The strategic winner in enterprise AI procurement over the next 18 months will not be the vendor with the single best frontier model. It will be the vendor whose tiered lineup, pricing structure, and enterprise governance controls let large organizations deploy AI cost-effectively at scale across multiple departments and use cases.
ChatGPT Work and the GPT-5.6 family represent OpenAI's clearest positioning yet in that race. The question for every enterprise leader now is whether your internal AI strategy is sophisticated enough to use that tiering intentionally — or whether you'll default to the frontier model everywhere and pay the cost.
The Bottom Line
OpenAI shipped two important things today: a productivity agent built for complex multi-step enterprise work, and a model lineup with clear capability tiers and predictable per-token pricing. Both are meaningful for different parts of your organization.

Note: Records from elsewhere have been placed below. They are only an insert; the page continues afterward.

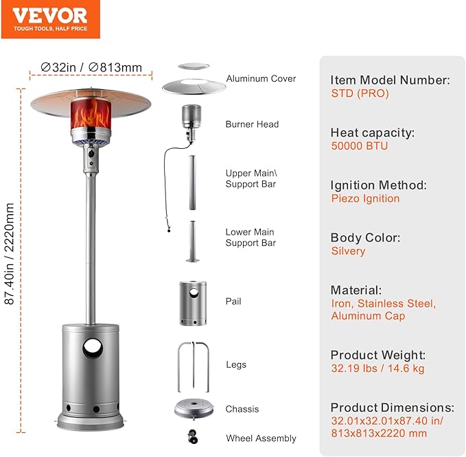 - Durable Build: Crafted from premium double-layer 304 stainless steel, it’s built to withstand harsh weather conditions like rain and snow, protecting the heater from warping and extending its lifespan.
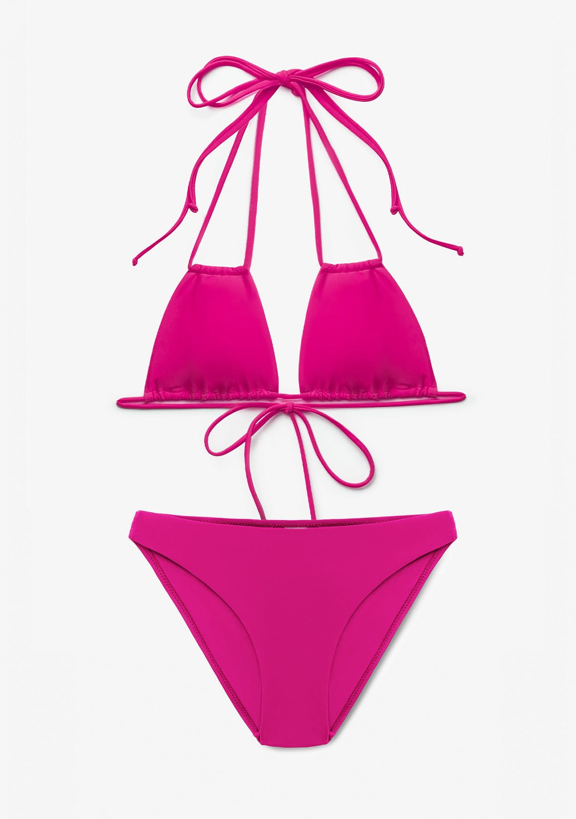 Top de biquíni triangular em fúcsia. Sem armação. Com espuma amovível. Tiras para atar no pescoço ou nas costas. Fecho de laço.
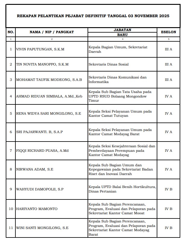 IKNews, BOLTIM – Proses penataan birokrasi di Kabupaten Bolaang Mongondow Timur (Boltim) kembali berlanjut. Senin (3/11/2025), Bupati Oskar Manoppo bersama Wakil Bupati Argo V. Sumaiku melantik 13 pejabat administrator dan pengawas di lingkungan pemerintahan kabupaten. Acara berlangsung di Aula Kantor Bupati, dihadiri Ketua DPRD Samsudin Dama, sejumlah asisten, serta pimpinan Organisasi Perangkat Daerah (OPD).
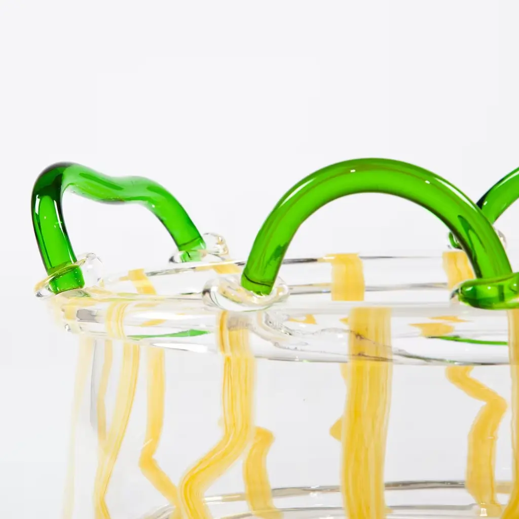 This striking fruit bowl was designed in 1983 by Ettore Sottsass. The tapering cylindrical silhouette made of glass features three handles and a transparent body decorated with yellow vertical lines, exquisitely rendering the soft consistency of fabric. Versatile and unique, this stunning object of functional decor can be showcased on a table as a centerpiece or on a mantlepiece as sculptural decoration. Both dimensions and colors might slightly vary because of the handcrafting nature of its production.
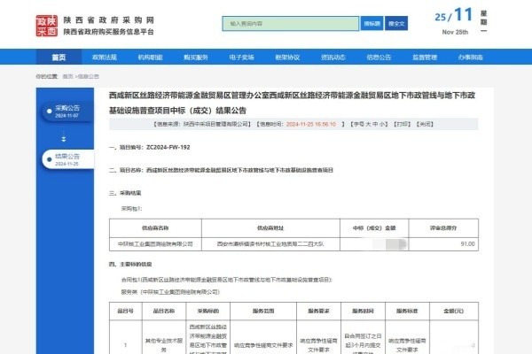 11月25日,从陕西省政府采购网获悉,中陕核工业集团测绘院有限公司成功中标西咸新区丝路经济带能源金融贸易区地下市政管线与地下市政基础设施普查项目。
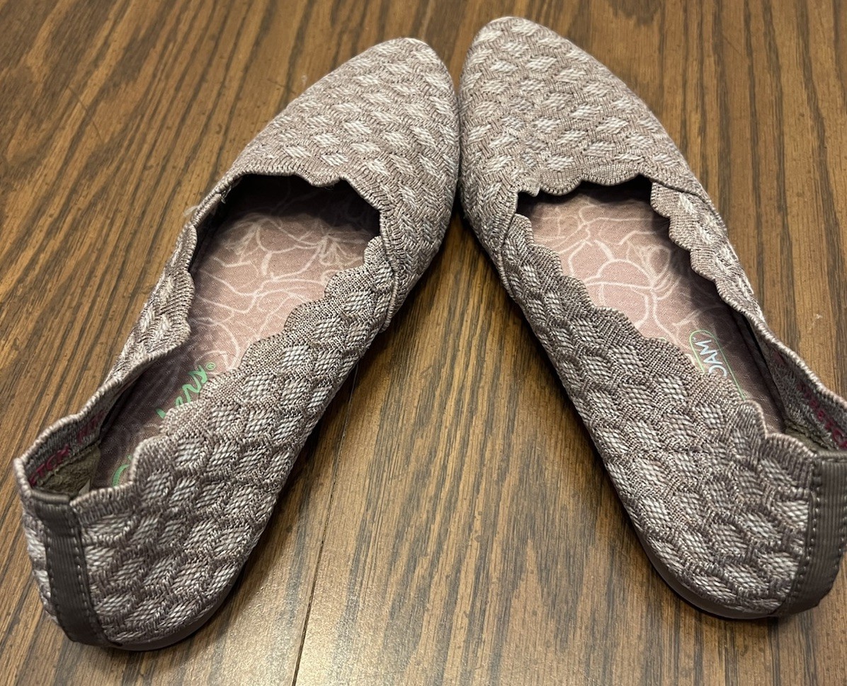 Skechers Women s 6 Ballet Flats Dark Taupe Slip On Cleo Honeycomb Knit Shoe
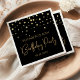 These elegant birthday napkins feature a sprinkling of gold diamond confetti and the words "Birthday Party" in gold faux glitter typography on a black background. Personalise them with the honoree's name and birthday year and the date.
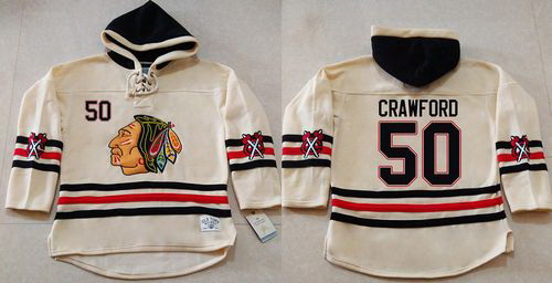 - Men Chicago Blackhawks 50 Corey Crawford Cream Heavyweight Pullover Hoodie Stitched NHL Jersey

For technical leaders, the multi-agent API and Codex integration give you architectural building blocks that were previously custom work. For business leaders, the tiered pricing structure creates the cost predictability that enterprise AI budgets have been missing. For everyone, the clarity of Sol, Terra, and Luna makes the model selection conversation considerably less murky than it was yesterday.
The organizations that move quickly to build routing logic — matching task complexity to model tier — will find meaningful cost advantages over those that default to frontier models for everything. That's the real productivity play buried inside today's announcement.